System Calls

Every second, a running program makes thousands of system calls - even a simple printf() eventually calls write(). But how does a user program request the kernel to perform an operation if it is not allowed to access hardware? How does the CPU switch between user mode and kernel mode? Why do some syscalls take 150 nanoseconds, while others take 20? Behind this lies the fundamental mechanism of interaction with the operating system.

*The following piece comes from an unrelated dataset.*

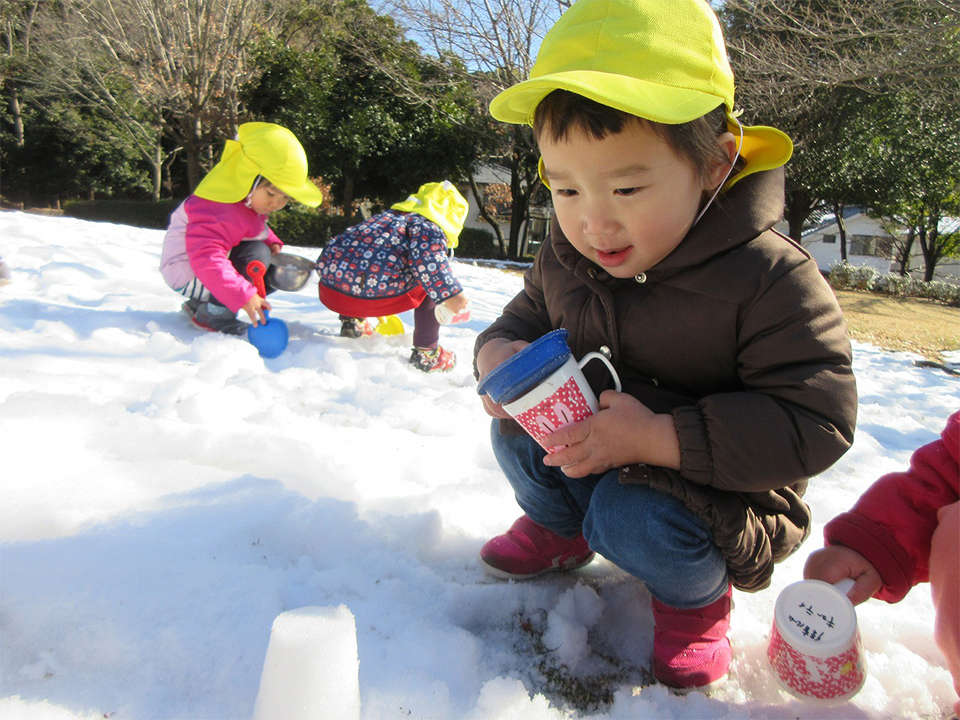 やさしい先生やお友達と過ごす一日。気持ちの良い空の下で外あそびをして栄養士さんが作ってくれるおいしい食事をみんなで仲良く食べて、お腹いっぱいになってベッドで絵本を読みながらお昼寝タイム。毎日がほんわかと過ぎていきます。

• **Production optimization:** In high-load systems (NGINX, Redis, PostgreSQL), the number of syscalls is a key metric. strace shows bottlenecks: excessive open/close, unnecessary read/write. Batching syscalls through io_uring gives a x2-x3 boost.
• **Observability:** strace, perf, eBPF - the foundation of debugging production issues. A 100ms slowdown can be caused by a single slow syscall (e.g., fsync()). Understanding syscall overhead is critical for latency analysis.
• **Security:** Seccomp (Secure Computing Mode) allows limiting the set of syscalls for a process - this is the basis of sandboxing (Docker, Chrome, systemd). Each syscall is a potential attack point, the kernel must validate all arguments.

Цели урока

• Explain the mode switch: int 0x80 / syscall instruction, dispatch via the IDT
• Know the cost: ~100ns on modern CPUs post-Meltdown, ~50ns without KPTI
• Understand vDSO: gettimeofday/clock_gettime without a syscall via a mapped page
• Apply strace for syscall-level observability of a process
• Distinguish blocking vs non-blocking syscalls, errno, and EINTR

System Call Mechanism

**System call (syscall)** is the only legal way for a user mode program to request the operating system kernel to perform a privileged operation. It is the bridge between the user and the kernel.

**Why are system calls needed?** • **Isolation:** Direct access to hardware is prohibited in user mode - only the kernel can manage devices, memory, processes • **Security:** The kernel checks access rights before performing an operation • **Abstraction:** An application does not know hardware details - it works through a unified API • **Stability:** An error in user mode cannot crash the system

Every time a program reads a file, allocates memory, creates a thread, or sends data over the network - it makes a system call. Even a simple `printf()` ultimately calls `write()`.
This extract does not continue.